Sunday, May 28, 2006

What a man was 2000 years ago means nothing at all to me today

My road trip included 3 visits to In-N-Out Burger in a week. This is hands down my favorite fast food place, though their fries suck, their menu is limited and I don't even eat their burgers. What I get isn't on their menu: Grilled cheese with grilled onions and no "special" sauce, ketchup and mustard instead.

It's a bit nontraditional - the bread isn't grilled, it's just a hamburger with no meat patty. But they use really fresh ingredients - the bun is nice and squishy, it's real cheese, and the lettuce and tomato aren't those wilted, over-engineered imitation vegetables you'd find at McDoof's or one of those other lower-quality places.

In-N-Out is a family owned chain, which doesn't franchise, and they tell you that on their paper bags. The other thing they print on their bags (and cups and other paper products) is a Bible verse - a different one on each product. Not the entire verse, just the reference to the verse. Normally this sort of thing would bother me, since I'm really opposed to having religion shoved in my face when I'm not expecting it.

However, in this case it doesn't bother me. It's unobtrusive - you usually have to look at the bottom of the cup, or the bottom seam of the bag to find it, plus, the fact that it's just the reference to the verse makes it kind of cool, like a puzzle. Sort of like "hey, if you want to know more about it, go look it up yourself." Not being too familiar with the Bible (though it made for interesting reading during super-boring Religion class lectures in high school), I don't know what the verses are. When I was working at Deloitte, a group of us went to In-N-Out for lunch, and Nicole, one of my teammates, told us what they all were - she had this incredible photographic memory of Bible verses.

Not all companies are this subtle about expressing their religious views. Our very own Alaska Airlines here in Seattle has a really annoying practice of giving you a small card with a Bible verse on it with your meal. Not just a reference, mind you, but an actual verse, and one that refers specifically to Jesus, usually. I could almost forgive a general "Be good to others" or "God is great" verse, as that would cover most religious beliefs. Fortunately most Alaska flights are so short that you don't get a meal, so I haven't seen one of these in a long time. When I did get one, I made it a point to return it to the flight attendant.

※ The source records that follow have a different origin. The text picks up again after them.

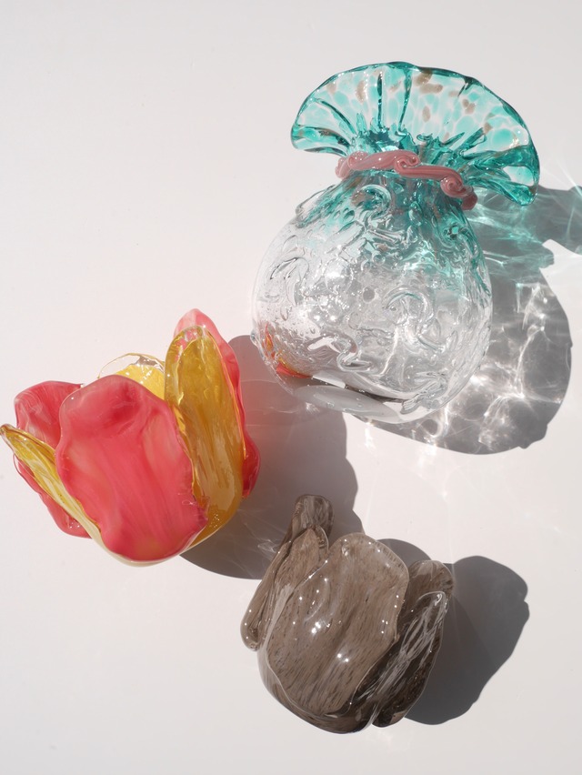 本物のお花のように広がる花びらモチーフのガラスオブジェ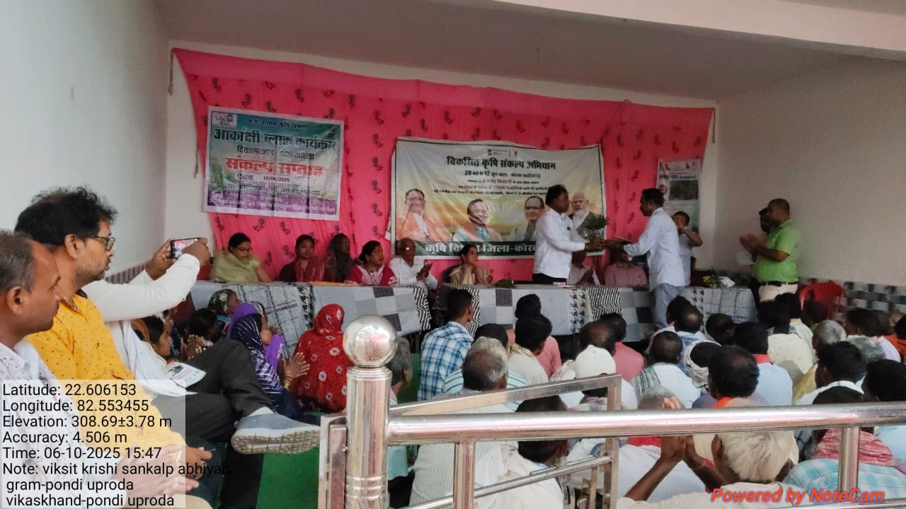 कोरबा :- मगलवार क़ो ग्राम पंचायत पोंडी उपरोड़ा अमरैया पारा स्कूल ग्राउंड मे दूर दराज से आये किसानो क़ो खरीफ पूर्व खेत की तैयारी बीज उत्पादन कार्यक्रम किसान समृद्धि योजना क़ृषि यंत्री कारण योजना क़ो सयुंक्त संचालक कृषि मनोज कुमार चौहान द्वारा किसानो क़ो विकसित क़ृषि सकल्प अभियान के मुख्य उद्देश्य क़ो विस्तार से बताया एवं सभी विभाग के योजनाओं का नियमानुसार लाभ लेने हेतु किसानो क़ो किया प्रेरित क़ृषि विज्ञानं केंद्र के वैज्ञानिक दीपक तवर खरीफ पूर्व खेती की 17% नमक घोल से बीज उपचार जैविक दवाई बनाने की विधि उद्यान मत्स्य पशुपालन विभाग द्वारा नवाचार एवं विभाग मे चल रहे योजनाओं क़ो विस्तार से बताया विकसित क़ृषि सकल्प अभियान मे सी के ठाकुर ASCO ने किसानो क़ो शिविर के माध्यम से अधिक से अधिक लाभ लेने बीज उत्पादन कार्यक्रम मे अधिक से अधिक किसान क़ो जुड़ने और और उसके लाभ के बारे मे बताया जनपद अध्यक्ष श्रीमति माधुरी देवी तवर द्वारा अच्छे से सभी विभागीय योजनाओं क़ो सुनने समझने की अपील एवं उच्च गुड़वत्ता वाले बीज का और सही समय मे बोनी करने हेतु किसानो क़ो सम्बोधित किया ज़नप्रतिनिधि ने खेती क़ो व्यावसायिक तौर पर करने हेतु किसानो क़ो सम्बोधित किया पोंडी उपरोड़ा मे लगभग 114 किसानो क़ो विभागीय जानकारी के साथ उपसंचालक क़ृषि देवेंद्र कवर उपस्थित रहे योजनाओ के पापलेट पोस्टर बाँटकर प्रचार प्रसार किया गया। सब्जी मिनिकिट इत्यादि आस पास के ग्रमीणों को वितरण किया। इस दौरान क़ृषि विस्तार अधिकारी उपस्थित रहे अंतिम मे वरिष्ठ क़ृषि विकास अधिकारी द्वारा कार्यक्रम के सफल आयोजन के लिए कलस्टर मे आये सरपंच और किसान किसान मितान और प्रतिनिधि का आभार धन्यवाद प्रेषित कर कार्यक्रम समापन किया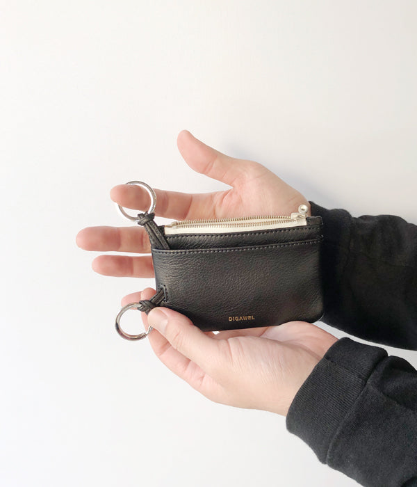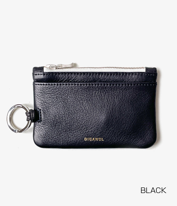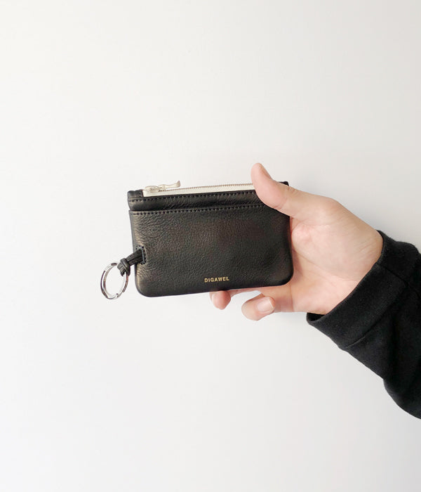 DIGAWELから、RING CARD CASEが入荷しました。レザーアイテムの新作として、ダブルリングが特徴のカードケースが登場。メインルームをあわせ3か所ものポケットを配し、カード以外にもユーザーのライフスタイルに応じた収納が可能な使える小型ウォレットに仕上がっています。DIGAWELの刻印入りリングと、riri製のジップによる装飾がシンプルに際立つデザイン。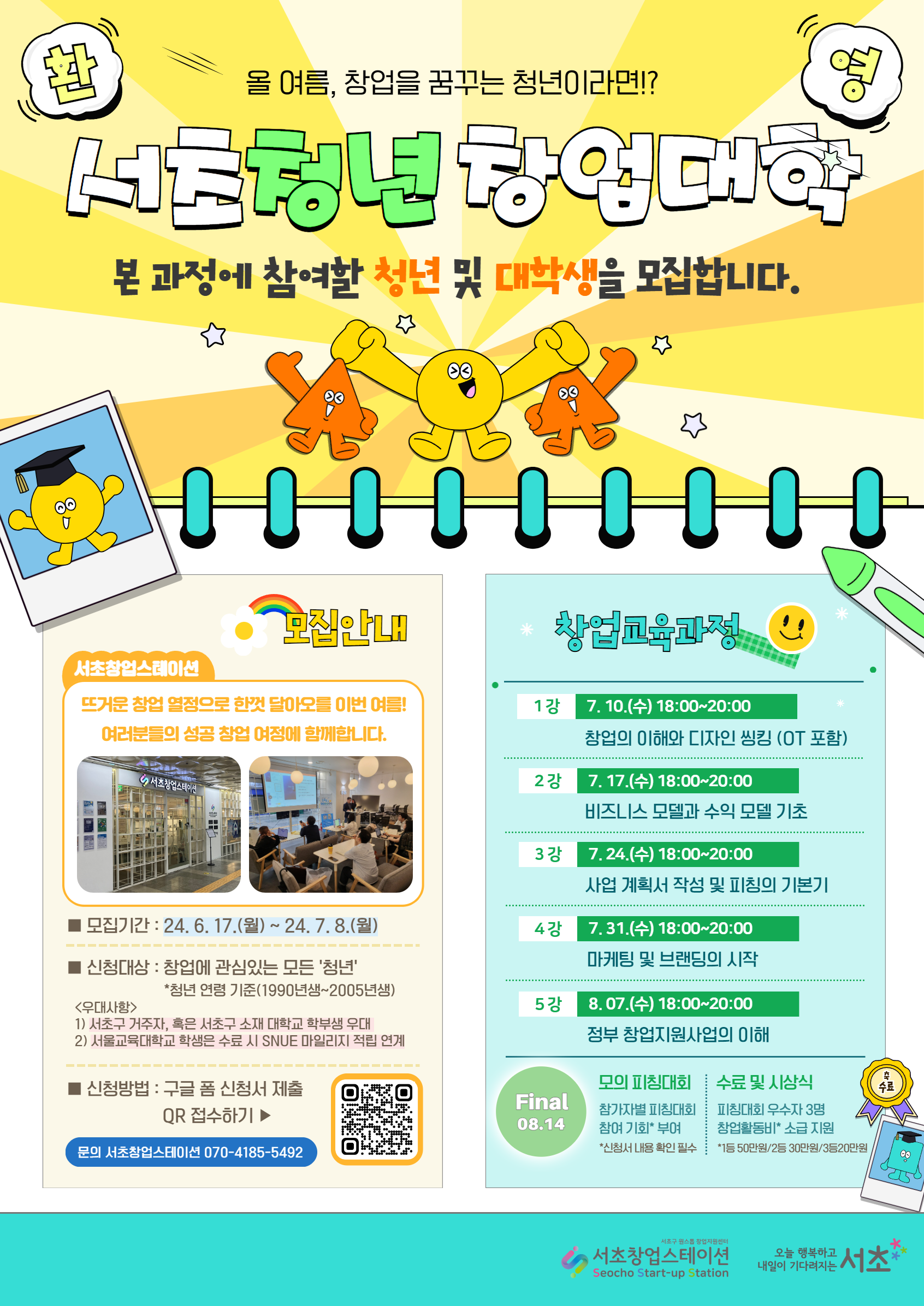 파이널 피칭대회 : 2024년 8월 14일(수) 18:00~20:00, 참가자 개인별 피칭대회 참가 자격 부여, 서초창업스테이션 홀, 교육비 무료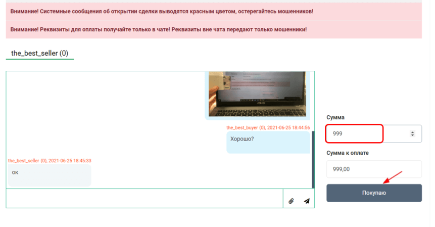 После подтверждения операции согласованный объем средств будет зарезервирован на депозите продавца. Важно провести оплату по указанным в чате реквизитам и не производить переход по внешним ссылкам, в таком случае велик риск потери средств. Далее покупатель подтверждает оплату со своей стороны нажатием соответствующей кнопки.

This practice irritates me to no end - I've actually written to Alaska Airlines to complain, as have a few of my non-Christian friends, and we got a totally flippant response from Customer Service that said something to the effect of "A lot of people like it so too bad for you" and no apology. Apparently others have complained as well.

Do they not realize that it might come across as offensive to non-Christians, who aren't exactly a small percentage of people in this country? I'm all for private companies pushing their own beliefs and not hiring those who don't adhere to them, but when you're providing a service, is it really necessary to foist those beliefs on your paying customers? (Now if you're a Christian bookstore or some other religion-based business, that's a different story since your customers are actually interested in your religious values.) Unfortunately, Alaska's hub is in Seattle and their prices are often the lowest so I can't boycott them without majorly inconveniencing myself.

I'm not opposed to religion - I just don't want other people to try to convert me or shove their beliefs in my face. To me, religion is very private, and if you want to share it with other people, wait for them to ask, or share it with those who you know have common beliefs. I have friends who are deeply religious and yet don't ever mention that they think I'm going to hell, or that I really should think about going to church/accepting Jesus as my savior/watching the xyz religious movie with them. I really appreciate those friends - I know their faith makes them who they are, and it may be telling them to share it with others, but they seem to "get" that it's not something I want to address in our relationship.

So, did I stir up a hornet's nest with this topic? :)


  1. Generally I don't like having religion shoved into my face either, but sometimes I'm curious why the adolescent teenagers who dress up in suits and approach random strangers on behalf of the Church of Latter Day Saints NEVER approach me. Perhaps they are only allowed to talk to other boys.

  2. I agree with you.No one has a right to impose the views of their religion on others unless asked.